*Data for processing*.
---+---

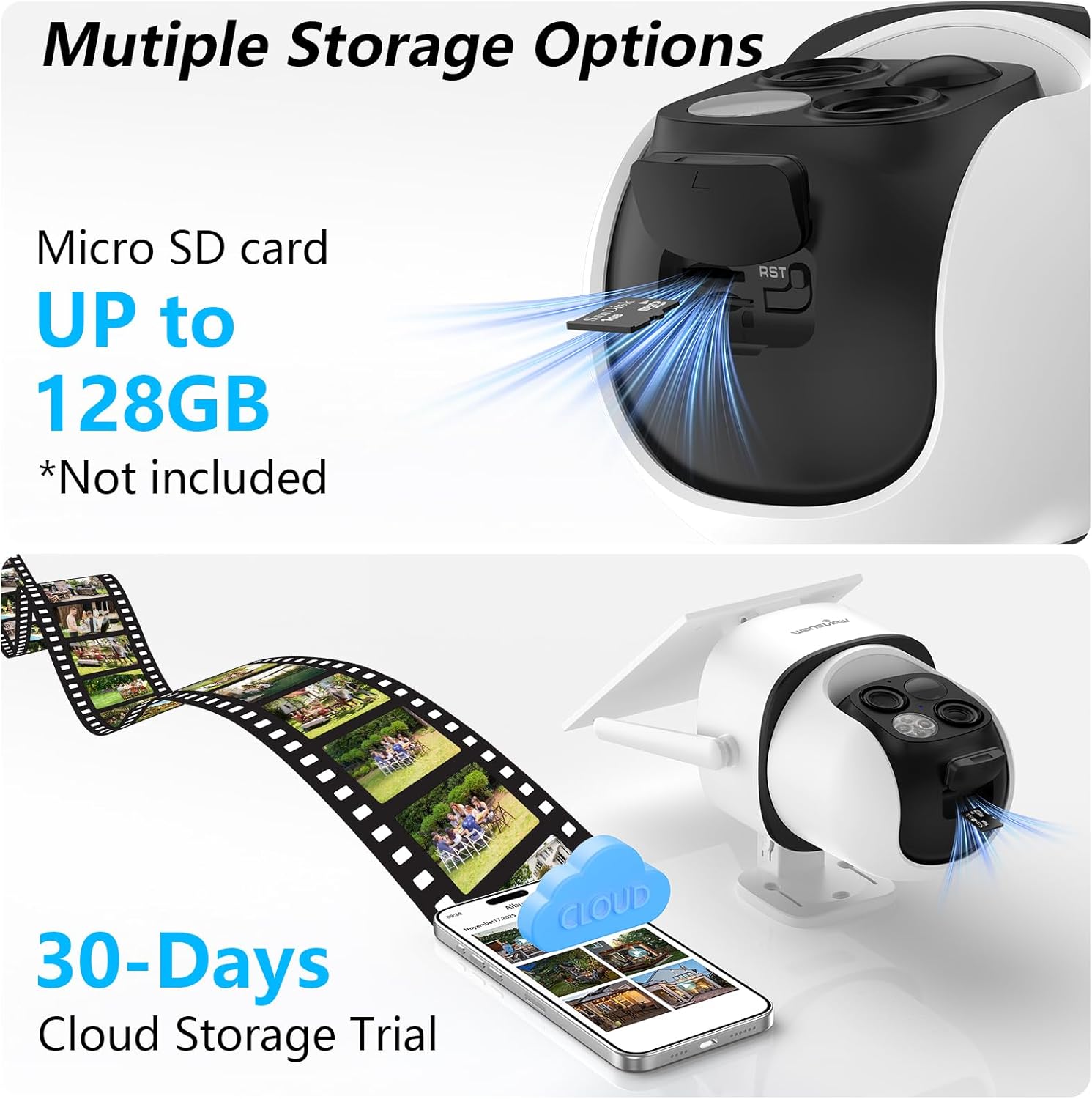 Local/Cloud Storage & Works with Alexa: This outdoor camera supports up to 128GB of SD card storage (not included) to record every important moment, such as package deliveries & suspicious activity. Optional cloud storage is also available for automatic backup of important videos to prevent loss. This wireless cameras for home security works with Alexa assistant, you can view real-time footage instantly using voice commands. Day or night, this solar-powered camera keeps your home safe.
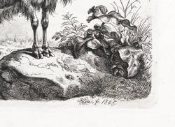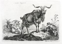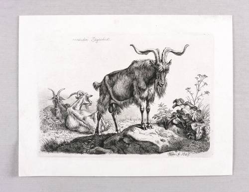 Jahn 337 II. – In der Platte rechts unten signiert und datiert: ″JAKlein f. 1845″. Links oben betitelt: ″römischer Ziegenbock″. – Bei Jahn beschrieben als: ″Nach rechts etwas von vorn gesehen und mit den Vorderfüssen auf einem Stein vor einer grosblättrigen Pflanze stehend; hinter demselben zwei im Gras liegende Ziegen.″ – Leichte Lagerspuren. Guter Zustand.
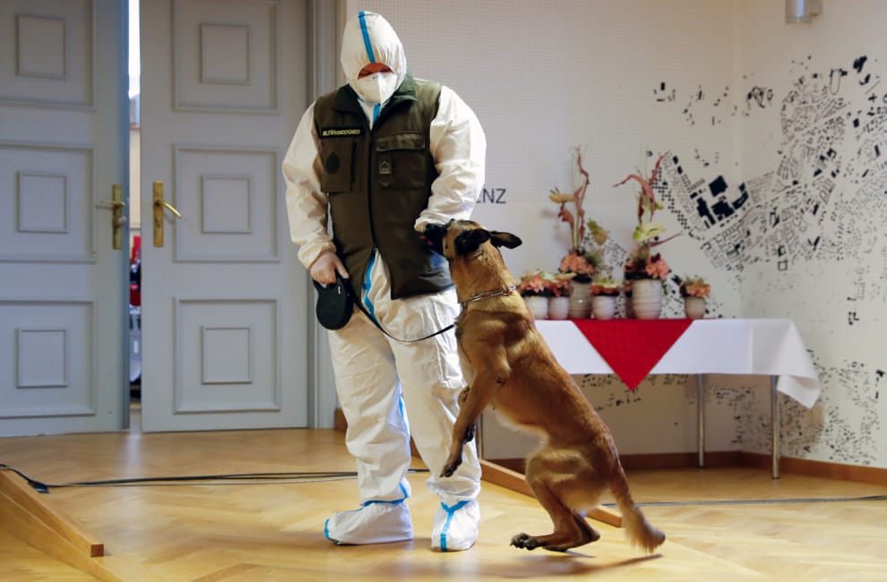在維也納舉辦的記者會上,當局向媒體展示了他們訓練有成的檢疫犬范特西(Fantasy),牠可以靠著鼻子聞出誰可能是COVID-19(武漢肺炎)患者。
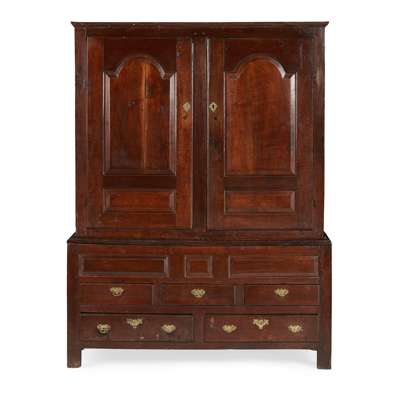 the moulded cornice above a pair of arched chamfered panel doors opening to a void interior; the base with an arrangement of five short drawers, raised on stile feet
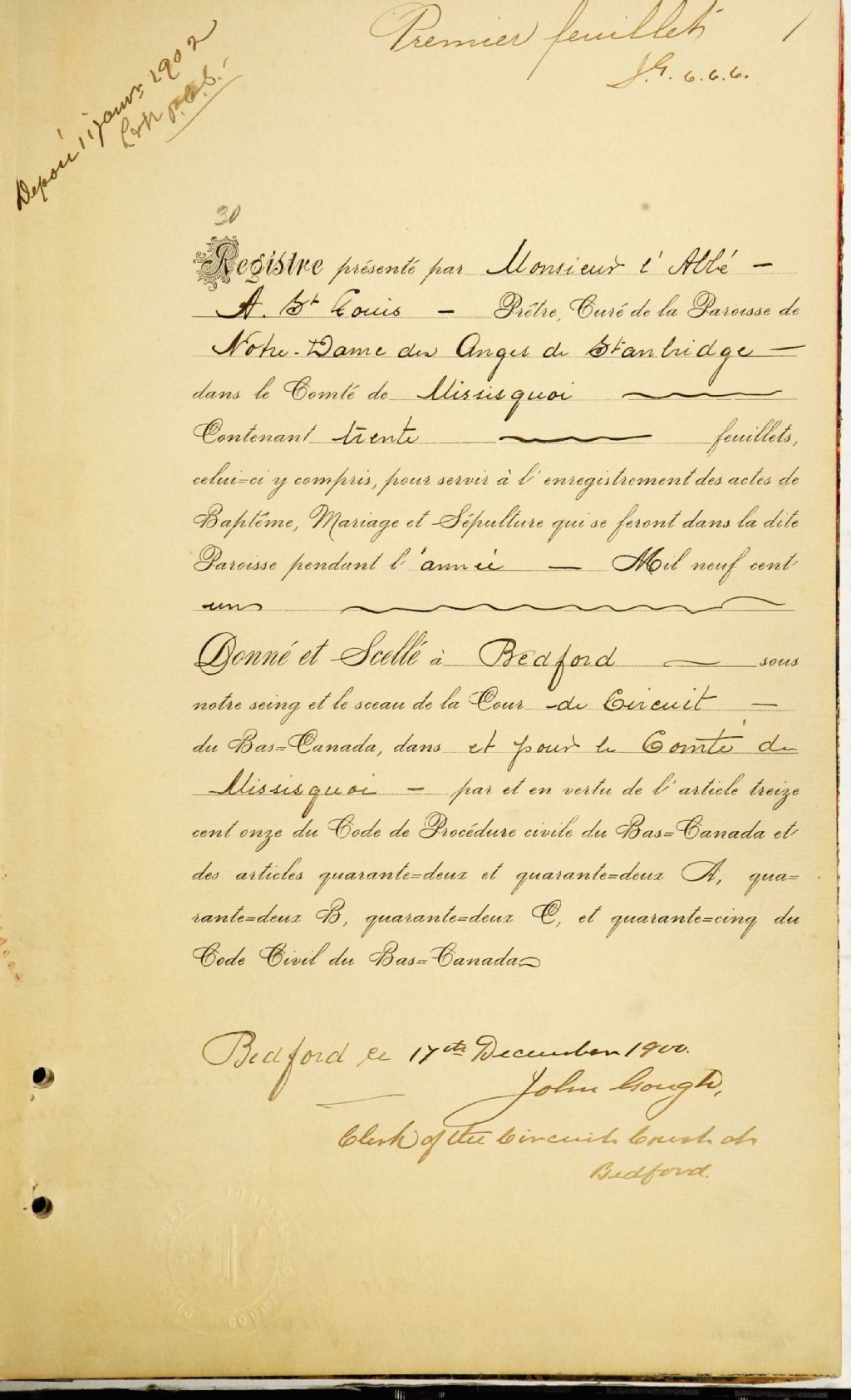 Notre-Dame-des-Anges-de-Stanbridge, 1900-1921, Archives nationales à Montréal, Fonds Cour supérieure. District judiciaire de Bedford. État civil, (06M,CE611,S26).
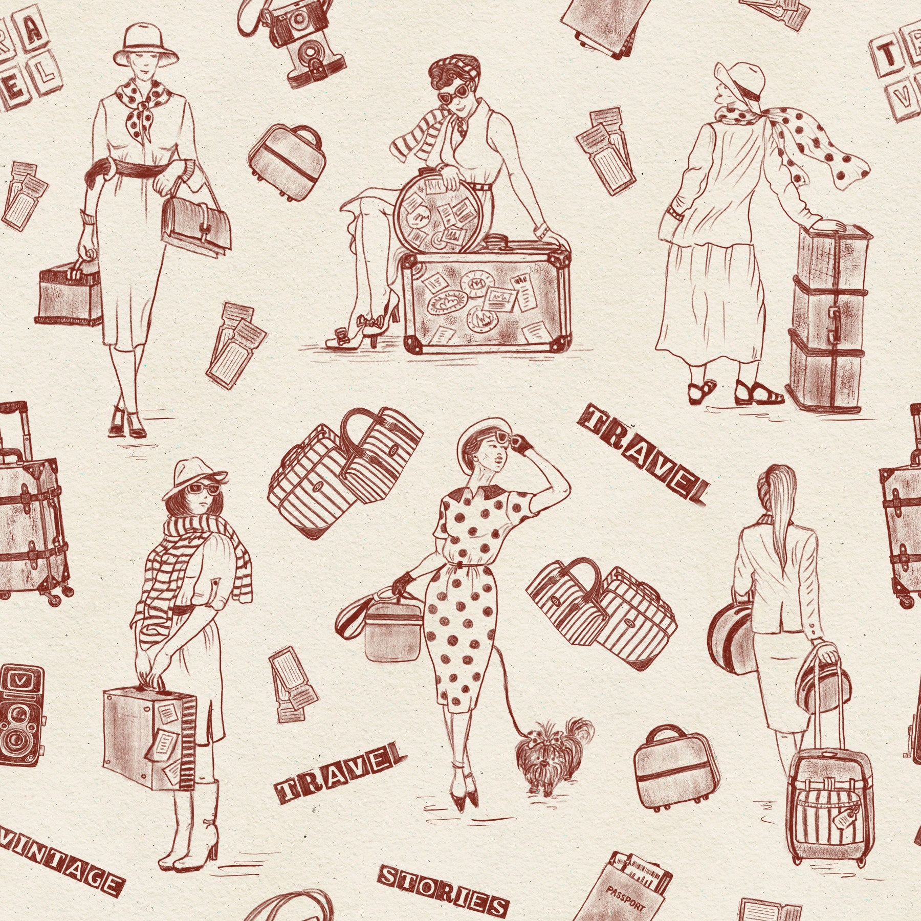 Capture the spirit of exploration with this elegant wallpaper. It shows refined women ready for travel, complete with vintage luggage and accessories. The detailed sketches come alive on a textured background. This wallpaper for walls injects nostalgia into any setting. Great for a study, bedroom, or living area, this design adds a touch of classic charm. Allow this captivating pattern to enrich your space, complementing both modern and traditional decor styles with its unique character.
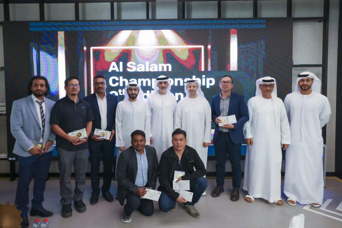 وكرم الفائزين خلال حفل أقيم في نادي ضباط شرطة دبي، أعضاء اللجنة العليا المنظمة للبطولة ماجد البستكي ومحمد الموسى ورامي النابلسي، وجاسم الحمادي ممثل جائزة حمدان بن محمد بن راشد آل مكتوم الدولية للتصوير الضوئي، بحضور أعضاء لجنة التحكيم للمسابقة.
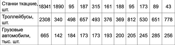 Об этом говорит многократное снижение выпуска важнейших видов машин и оборудования. Выпуск дизелей и дизельгенераторов снизился в 10,5 раза, металлорежущих станков в 15,5 раза, автоматических и полуавтоматических линий для металлообработки и машиностроения в 139 раз, что равнозначно отказу от такого рода оборудования. Производство ткацких станков снизилось с 18 341 тыс. штук в 1990 г. до 43 тыс. в 2008 г., т. е. в 426,5 раза. Это означает развал не только станкостроительной промышленности, но и тех отраслей, которых она обеспечивала необходимым оборудованием. Многократно снизился выпуск многих видов продукции, в том числе хлопчатобумажных, шерстяных и шелковых тканей.
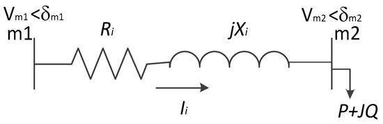 where and , are the real and reactive powers of the branch interconnecting bus m1 with bus . and are the real and reactive loads at bus . and are the voltage profiles of the buses and respectively. are the resistance and reactance of the branch i. is the current flowing from to . The power losses across each branch and of the whole system can be computed using Equations (6)–(8):
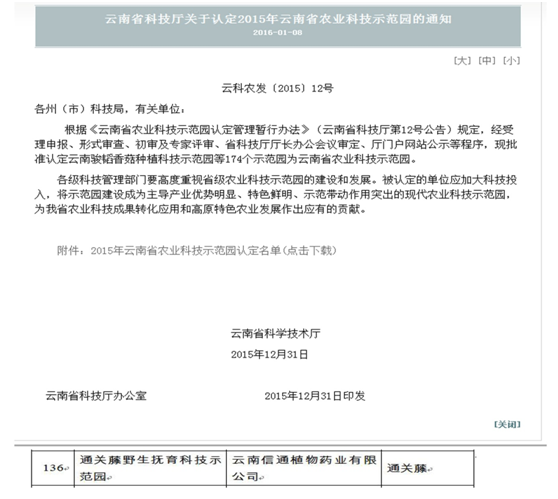 本網(wǎng)訊 1月8日,云南信通植物藥業(yè)有限公司被云南省科技廳批準(zhǔn)認(rèn)定為"云南省農(nóng)業(yè)科技示范園",這是繼"通關(guān)藤野生撫育科技示范園"之后的又一個(gè)重要項(xiàng)目突破。
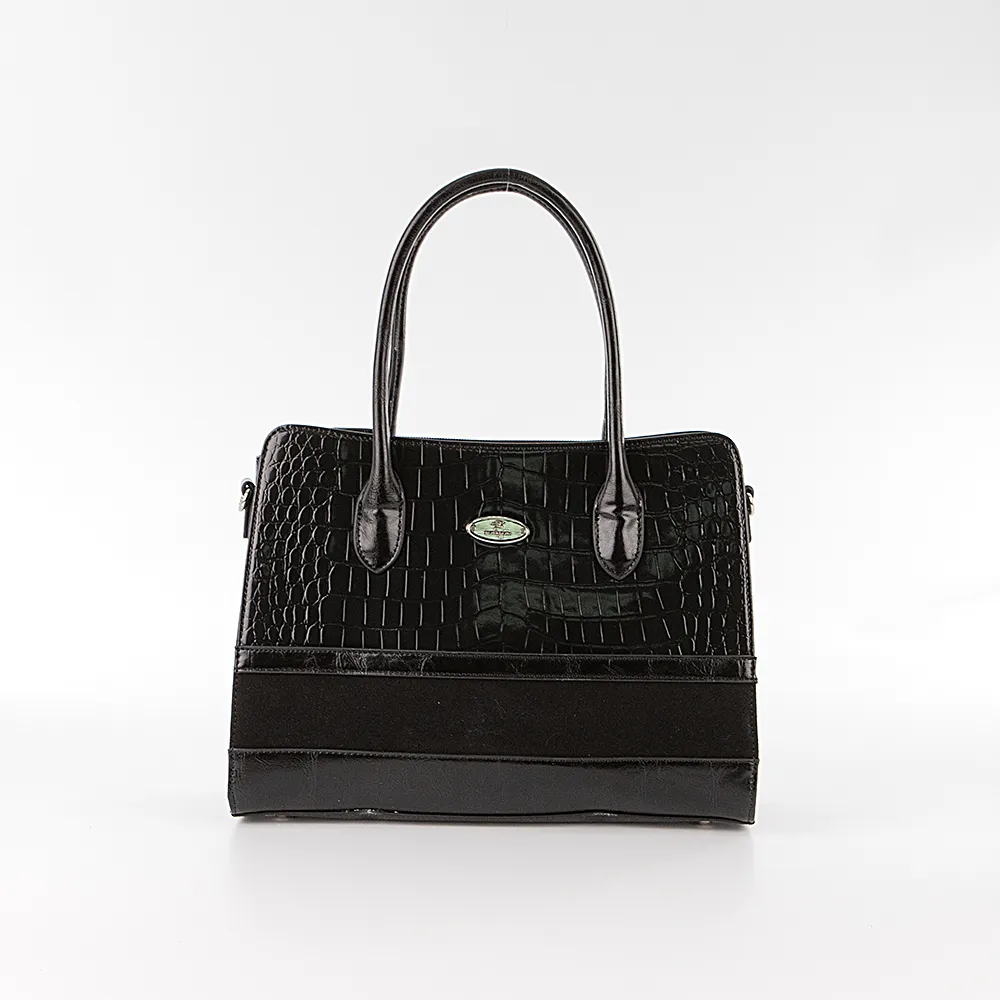 Сумка от торговой марки Marzia из искусственной кожи черного цвета. Лицевая сторона декорирована лакированной вставкой с тиснением под крокодиловую кожу и бархатистой вставкой. Модель с двумя ручками и съемным плечевым ремнем. Отделение на молнии. Внутри: фирменная подкладка, средник и карман на молнии, два накладных кармана. На задней стороне - карман на молнии. Дно оснащено металлическими ножками для защиты от износа.

---+---

*Exercise goal*.
Reproduce every line above exactly, pictures excluded.

*Exercise output*.
 Local/Cloud Storage & Works with Alexa: This outdoor camera supports up to 128GB of SD card storage (not included) to record every important moment, such as package deliveries & suspicious activity. Optional cloud storage is also available for automatic backup of important videos to prevent loss. This wireless cameras for home security works with Alexa assistant, you can view real-time footage instantly using voice commands. Day or night, this solar-powered camera keeps your home safe.
 Jahn 337 II. – In der Platte rechts unten signiert und datiert: ″JAKlein f. 1845″. Links oben betitelt: ″römischer Ziegenbock″. – Bei Jahn beschrieben als: ″Nach rechts etwas von vorn gesehen und mit den Vorderfüssen auf einem Stein vor einer grosblättrigen Pflanze stehend; hinter demselben zwei im Gras liegende Ziegen.″ – Leichte Lagerspuren. Guter Zustand.
在維也納舉辦的記者會上,當局向媒體展示了他們訓練有成的檢疫犬范特西(Fantasy),牠可以靠著鼻子聞出誰可能是COVID-19(武漢肺炎)患者。
 the moulded cornice above a pair of arched chamfered panel doors opening to a void interior; the base with an arrangement of five short drawers, raised on stile feet
 Notre-Dame-des-Anges-de-Stanbridge, 1900-1921, Archives nationales à Montréal, Fonds Cour supérieure. District judiciaire de Bedford. État civil, (06M,CE611,S26).
 Capture the spirit of exploration with this elegant wallpaper. It shows refined women ready for travel, complete with vintage luggage and accessories. The detailed sketches come alive on a textured background. This wallpaper for walls injects nostalgia into any setting. Great for a study, bedroom, or living area, this design adds a touch of classic charm. Allow this captivating pattern to enrich your space, complementing both modern and traditional decor styles with its unique character.
 وكرم الفائزين خلال حفل أقيم في نادي ضباط شرطة دبي، أعضاء اللجنة العليا المنظمة للبطولة ماجد البستكي ومحمد الموسى ورامي النابلسي، وجاسم الحمادي ممثل جائزة حمدان بن محمد بن راشد آل مكتوم الدولية للتصوير الضوئي، بحضور أعضاء لجنة التحكيم للمسابقة.
 Об этом говорит многократное снижение выпуска важнейших видов машин и оборудования. Выпуск дизелей и дизельгенераторов снизился в 10,5 раза, металлорежущих станков в 15,5 раза, автоматических и полуавтоматических линий для металлообработки и машиностроения в 139 раз, что равнозначно отказу от такого рода оборудования. Производство ткацких станков снизилось с 18 341 тыс. штук в 1990 г. до 43 тыс. в 2008 г., т. е. в 426,5 раза. Это означает развал не только станкостроительной промышленности, но и тех отраслей, которых она обеспечивала необходимым оборудованием. Многократно снизился выпуск многих видов продукции, в том числе хлопчатобумажных, шерстяных и шелковых тканей.
 where and , are the real and reactive powers of the branch interconnecting bus m1 with bus . and are the real and reactive loads at bus . and are the voltage profiles of the buses and respectively. are the resistance and reactance of the branch i. is the current flowing from to . The power losses across each branch and of the whole system can be computed using Equations (6)–(8):
 本網(wǎng)訊 1月8日,云南信通植物藥業(yè)有限公司被云南省科技廳批準(zhǔn)認(rèn)定為"云南省農(nóng)業(yè)科技示范園",這是繼"通關(guān)藤野生撫育科技示范園"之后的又一個(gè)重要項(xiàng)目突破。
 Сумка от торговой марки Marzia из искусственной кожи черного цвета. Лицевая сторона декорирована лакированной вставкой с тиснением под крокодиловую кожу и бархатистой вставкой. Модель с двумя ручками и съемным плечевым ремнем. Отделение на молнии. Внутри: фирменная подкладка, средник и карман на молнии, два накладных кармана. На задней стороне - карман на молнии. Дно оснащено металлическими ножками для защиты от износа.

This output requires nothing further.